Today, I believe that by voting for cloture, a majority of the Senate will convey the same message. There may not be 60 votes, but I believe there will be a majority. Our forces have been in Iraq for 4 years,

$380 billion has been spent, more than 3,000 troops have been killed, and nearly 24,000 have been wounded. My home State of California has lost more than 300 brave men and women, with thousands injured.

Iraq is in chaos: Sunni fighting Shia, Shia fighting Sunni, car bombs, IEDs, assassinations, mortar attacks, downed helicopters, death squads, and sabotaged infrastructure. Every day, we learn of new attacks, new casualties, new bloodshed, and no end in sight.

I believe this surge is a mistake. Four years ago, U.S. Armed Forces went to Iraq to be liberators. Today, they are caught in the bloody crossfire of internecine fighting. The question is, Can the American military solve a civil war? I don't believe it can. It was certainly not the mission Congress authorized in 2002. So the time has come for the Senate to say so, just as the House has done. The time has come to declare that our time has come and gone in Iraq. The time has come to speak clearly, and the time has come to change course.

The authorization for use of military force, approved by the Congress in October 2002, carries with it congressional approval of this war. The way to change course is to change that authorization. Therefore, today, I introduce legislation that will put the expiration date of December 31, 2007, on the authorization for use of military force.

The President would be required to return to Congress if he seeks to renew the resolution. The resolution recognizes that conditions have changed since the 2002 authorization was approved. Saddam Hussein is gone. An Iraqi Government has been established. It also recognizes the flaws of the 2002 authorization. Iraq, in fact, had no weapons of mass destruction. It was not closely allied with al-Qaida.

This resolution does not call for a precipitous withdrawal--let me stress that--but it sets a time limit--the remaining 10 months of the year--to stage an orderly redeployment and to transition this mission. That mission would be limited to training, equipping, and advising Iraqi security and police forces; to force protection and security for U.S. Armed Forces and civilian personnel; support of Iraqi security forces for border security and protection, to be carried out with the minimum forces required for that purpose; targeted counterterrorism operations against al-Qaida and foreign fighters within Iraq; and logistical support in connection with these activities.

I believe this legislation is the next logical step following today. It is simple, it is concise. After the majority vote today sends our disapproval to the President, it is time to consider the next step. I submit this resolution as a possible next step.

I ask unanimous consent that the text of the joint resolution be printed in the Record.

There being no objection, the joint resolution was ordered to be printed in the Record, as follows:

S.J. Res. 3

Resolved by the Senate and House of Representatives of the United States of America in Congress assembled,

SECTION 1. EXPIRATION OF AUTHORIZATION FOR USE OF MILITARY

FORCE AGAINST IRAQ.

The authority conveyed by the Authorization for Use of Military Force Against Iraq Resolution of 2002 (Public Law 107-243) shall expire on December 31, 2007, unless otherwise provided in a Joint Resolution (other than Public Law 107-243) enacted by Congress.

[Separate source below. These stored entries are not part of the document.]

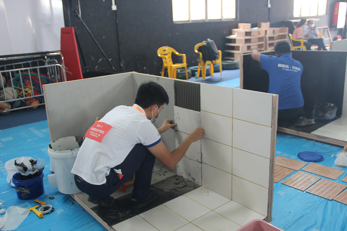 前面有一組是做衛(wèi)生間貼磚。傳統(tǒng)的認(rèn)知,大家都以為防水技能工一定是農(nóng)民工,在社會地位得不到尊重。但是在這次的比賽場,有一個有趣的現(xiàn)象,選手越來越年輕化,你看還有很多是小鮮肉、小帥哥。所以說防水技能工不是沒有技術(shù)含量的普通的農(nóng)民工,而是有技術(shù)含量,可以受到社會認(rèn)可的。包括今天的這次比賽,也是全國人社廳認(rèn)可的,如果成績優(yōu)異的選手,都會獲頒發(fā)證書的。所以說,我們的選手越來越年輕化,不用擔(dān)心青黃不接的問題。
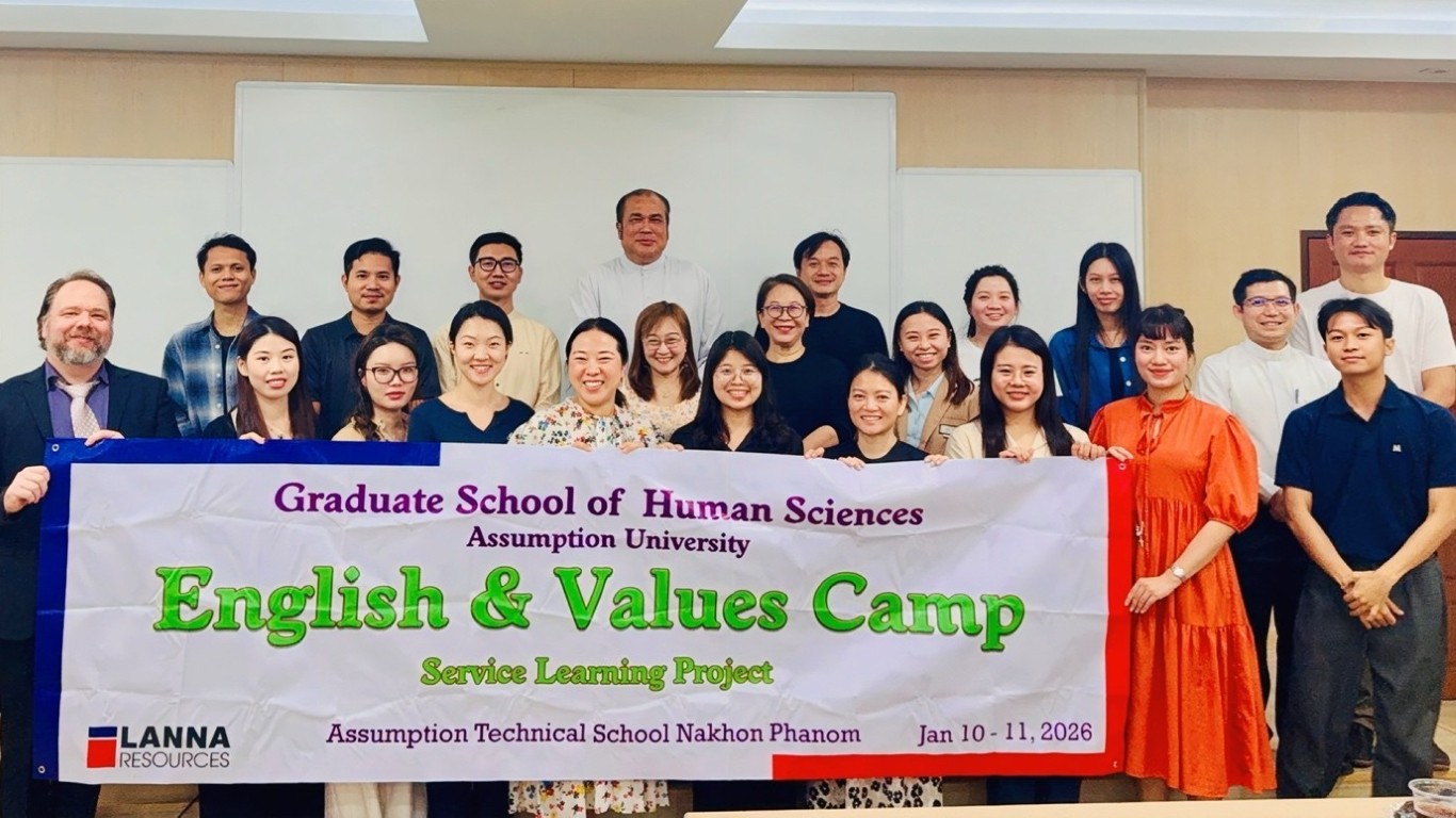 As part of the courses Seminar in Teacher Educational Ethics and Seminar in Educational Administration and Leadership, 19 graduate students from the Graduate School of Human Sciences participated in a service-learning project at Assumption Technical School Nakhon Phanom on January 10–11, 2026. The project was led by Asst. Prof. Dr. Poonpilas Asavisanu and Dr. Timothy Scott.
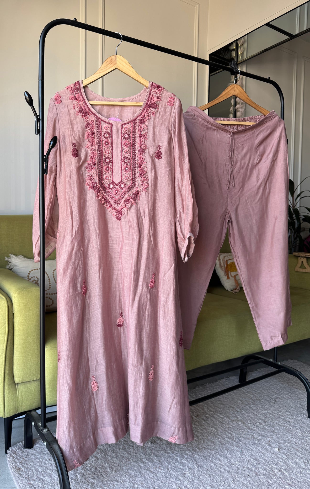 Rinkle Embroided Mul Chanderi Dress- Dusty Pink

SEC. 2. ALLOWANCE FOR CERTAIN MILITARY OPERATIONS AND

ACTIVITIES.

Section 1 shall not be construed as prohibiting or limiting the presence of personnel or units of the Armed Forces of the United States in Iraq after December 31, 2007, for the following purposes:

(1) Training, equipping, and advising Iraqi security and police forces.

(2) Force protection and security for United States Armed Forces and civilian personnel.

(3) Support of Iraqi security forces for border security and protection, to be carried out with the minimum forces required for that purpose.

(4) Targeted counter-terrorism operations against al Qaeda and foreign fighters within Iraq.

(5) Logistical support in connection with activities under paragraphs (1) through (4).